-- What you will do --
Should any entry include an image, skip the image and copy the entry exactly.
Top of Record excerpts
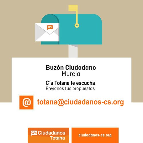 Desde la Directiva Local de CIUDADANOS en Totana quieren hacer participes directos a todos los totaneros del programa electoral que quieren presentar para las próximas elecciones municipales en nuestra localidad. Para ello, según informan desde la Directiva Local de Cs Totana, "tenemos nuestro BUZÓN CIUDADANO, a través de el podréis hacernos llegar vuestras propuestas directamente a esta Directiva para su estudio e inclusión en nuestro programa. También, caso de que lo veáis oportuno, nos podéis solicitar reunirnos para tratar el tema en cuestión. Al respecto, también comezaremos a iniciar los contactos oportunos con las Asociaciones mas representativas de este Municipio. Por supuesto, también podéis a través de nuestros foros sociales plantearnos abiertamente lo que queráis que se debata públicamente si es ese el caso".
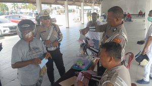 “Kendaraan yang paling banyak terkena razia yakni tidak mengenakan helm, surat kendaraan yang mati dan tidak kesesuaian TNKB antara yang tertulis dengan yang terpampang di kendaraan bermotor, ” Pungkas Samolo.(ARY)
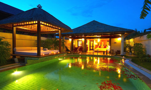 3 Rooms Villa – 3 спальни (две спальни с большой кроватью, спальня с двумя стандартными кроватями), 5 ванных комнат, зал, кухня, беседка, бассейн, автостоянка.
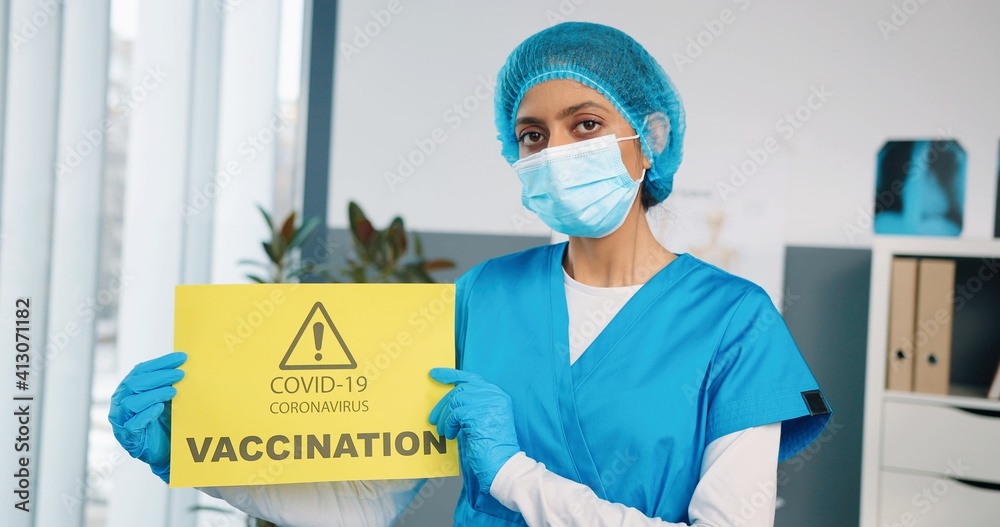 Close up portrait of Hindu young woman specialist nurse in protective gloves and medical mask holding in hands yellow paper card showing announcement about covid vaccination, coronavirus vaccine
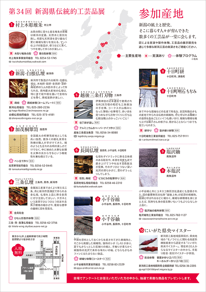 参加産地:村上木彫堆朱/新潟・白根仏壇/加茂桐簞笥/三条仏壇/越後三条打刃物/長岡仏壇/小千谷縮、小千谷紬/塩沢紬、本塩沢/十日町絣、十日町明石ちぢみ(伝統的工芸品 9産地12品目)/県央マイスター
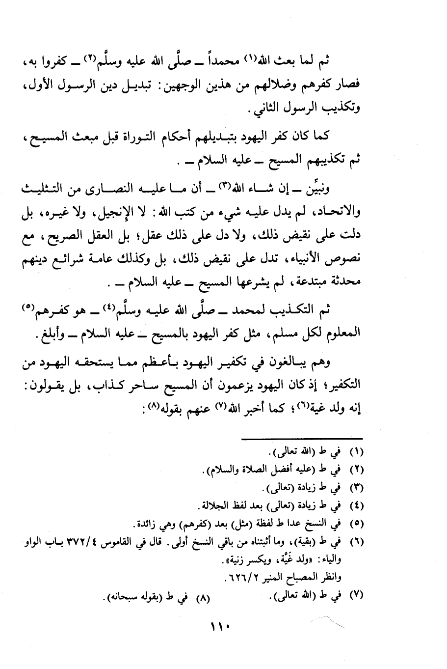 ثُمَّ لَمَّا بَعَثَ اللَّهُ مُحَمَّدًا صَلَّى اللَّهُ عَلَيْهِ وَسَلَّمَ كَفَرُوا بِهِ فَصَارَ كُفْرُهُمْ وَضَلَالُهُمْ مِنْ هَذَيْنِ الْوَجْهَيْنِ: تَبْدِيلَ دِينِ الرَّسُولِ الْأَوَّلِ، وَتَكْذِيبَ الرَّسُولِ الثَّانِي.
Bottom of Record excerpts
-- Task solution --
 Desde la Directiva Local de CIUDADANOS en Totana quieren hacer participes directos a todos los totaneros del programa electoral que quieren presentar para las próximas elecciones municipales en nuestra localidad. Para ello, según informan desde la Directiva Local de Cs Totana, "tenemos nuestro BUZÓN CIUDADANO, a través de el podréis hacernos llegar vuestras propuestas directamente a esta Directiva para su estudio e inclusión en nuestro programa. También, caso de que lo veáis oportuno, nos podéis solicitar reunirnos para tratar el tema en cuestión. Al respecto, también comezaremos a iniciar los contactos oportunos con las Asociaciones mas representativas de este Municipio. Por supuesto, también podéis a través de nuestros foros sociales plantearnos abiertamente lo que queráis que se debata públicamente si es ese el caso".
 “Kendaraan yang paling banyak terkena razia yakni tidak mengenakan helm, surat kendaraan yang mati dan tidak kesesuaian TNKB antara yang tertulis dengan yang terpampang di kendaraan bermotor, ” Pungkas Samolo.(ARY)
 3 Rooms Villa – 3 спальни (две спальни с большой кроватью, спальня с двумя стандартными кроватями), 5 ванных комнат, зал, кухня, беседка, бассейн, автостоянка.
 Close up portrait of Hindu young woman specialist nurse in protective gloves and medical mask holding in hands yellow paper card showing announcement about covid vaccination, coronavirus vaccine
 参加産地:村上木彫堆朱/新潟・白根仏壇/加茂桐簞笥/三条仏壇/越後三条打刃物/長岡仏壇/小千谷縮、小千谷紬/塩沢紬、本塩沢/十日町絣、十日町明石ちぢみ(伝統的工芸品 9産地12品目)/県央マイスター
 ثُمَّ لَمَّا بَعَثَ اللَّهُ مُحَمَّدًا صَلَّى اللَّهُ عَلَيْهِ وَسَلَّمَ كَفَرُوا بِهِ فَصَارَ كُفْرُهُمْ وَضَلَالُهُمْ مِنْ هَذَيْنِ الْوَجْهَيْنِ: تَبْدِيلَ دِينِ الرَّسُولِ الْأَوَّلِ، وَتَكْذِيبَ الرَّسُولِ الثَّانِي.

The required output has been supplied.